We can crash up to 3 days total. The most economical order is least crash cost/day first:
Crash A by 1 day:
Cost = 1,500
Bonus = 3,000
Net benefit = +1,500
Crash E by 2 days:
Cost = 2 × 1,500 = 3,000
Bonus = 2 × 3,000 = 6,000
Net benefit = +3,000
Total crash = 3 days, which is the limit.
Total:
Extra cost = 1,500 + 3,000 = 4,500
Bonus = 3 × 3,000 = 9,000
Net benefit = 9,000 − 4,500 = $4,500
Crash 1 day on A and 2 days on E for maximum net benefit under the given assumptions.
Problem 3 – Equipment Production Rate and Cost#
A bulldozer is used to spread and compact fill material. Its effective operating time is 45 minutes per hour (the rest is delays, turning, etc.). Each cycle, it moves 5 cubic yards of material, and a full cycle takes 3 minutes.
The ownership and operating cost of the bulldozer is $180 per machine hour.
Tasks:
Compute the effective production rate in cubic yards per hour.
Compute the cost per cubic yard of placing the fill with this bulldozer.
Solution 3#
Production rate
Effective working time = 45 minutes/hour
Cycle time = 3 minutes/cycle
Cycles per effective hour = 45 / 3 = 15 cycles/hour
Each cycle moves 5 CY: Production = 15 cycles/hour × 5 CY/cycle = 75 CY/hour
Cost per cubic yard
Cost per hour = $180
Production = 75 CY/hour
Cost per CY = 180 / 75 = $2.40 per CY
Production rate = 75 CY/hr, cost ≈ $2.40/CY.
Problem 4 – Labor Productivity and Duration#
A concrete crew can place and finish 250 square feet of slab per hour under normal conditions.
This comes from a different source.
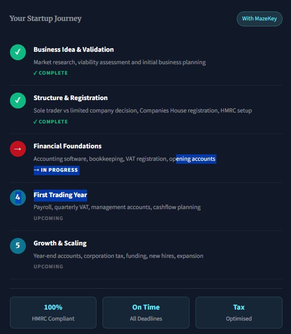 We are accounting specialists for business startups — one of eight specialist sectors we serve at MazeKey. Startups face a completely different set of challenges compared to established businesses: unfamiliar legislation, uncertain cashflow, rapid structure decisions, and the need to build solid financial foundations under pressure.

A project requires placing 12,000 square feet of slab. The crew works 8-hour days, and productivity is expected to drop to 80% of normal after 6 hours each day due to fatigue and coordination losses.
Assume:
First 6 hours each day are at 100% productivity.
Last 2 hours are at 80% of the nominal rate.
Tasks:
Compute the average daily production (in square feet per day).
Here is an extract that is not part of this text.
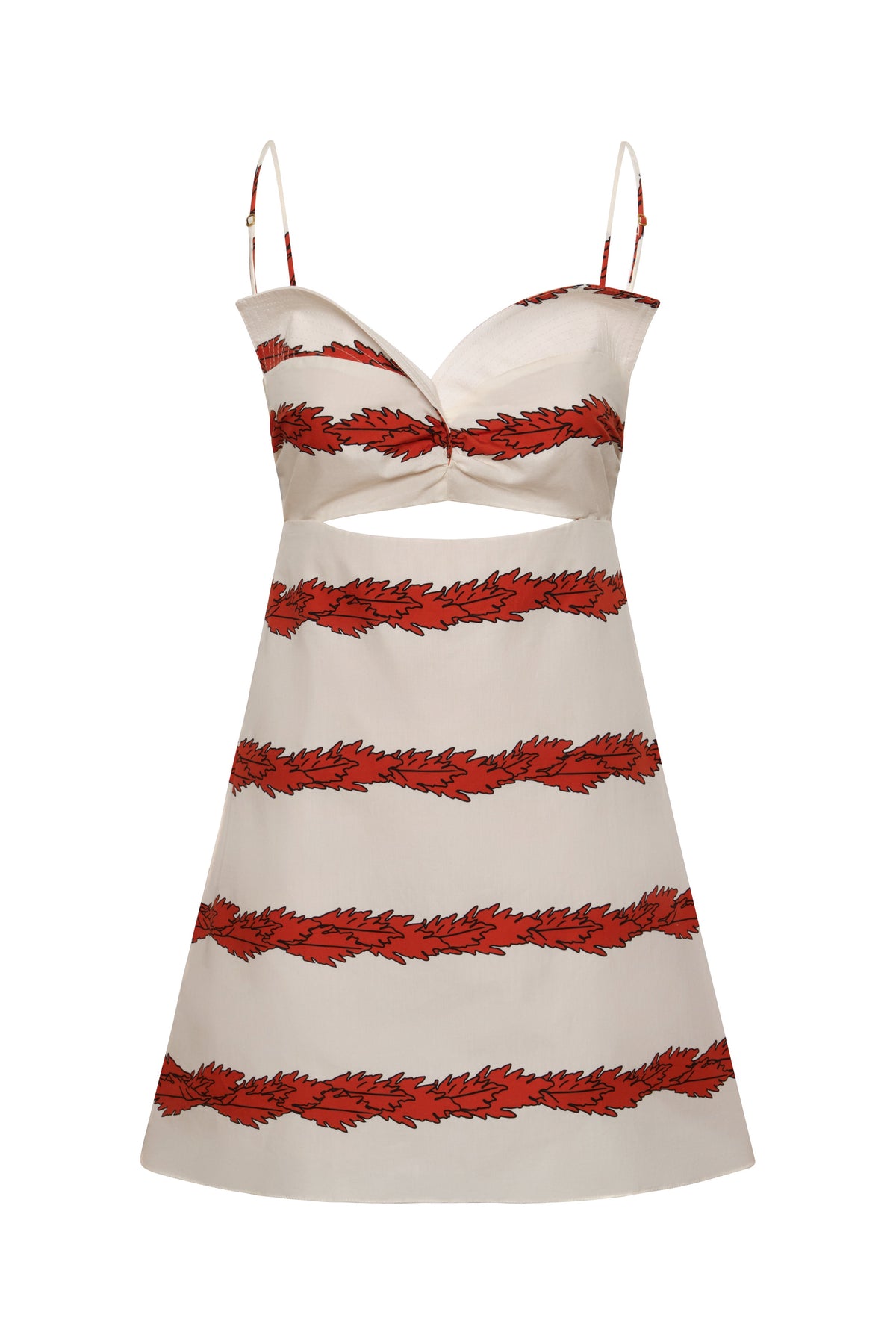 Victoria Cotton Mini Dress / Ivory Striped Helechos

Estimate the number of days required to place 12,000 square feet.
Solution 4#
Daily production
Nominal productivity: 250 ft²/hour.
First 6 hours: Production = 6 hr × 250 ft²/hr = 1,500 ft²
Last 2 hours at 80%: Effective rate = 0.8 × 250 = 200 ft²/hr; Production = 2 hr × 200 = 400 ft² Total daily production = 1,500 + 400 = 1,900 ft²/day
Number of days Total work = 12,000 ft² Days = 12,000 / 1,900 ≈ 6.3158 days
So: Need 7 working days (rounding up to whole days). Approximate duration: 7 days.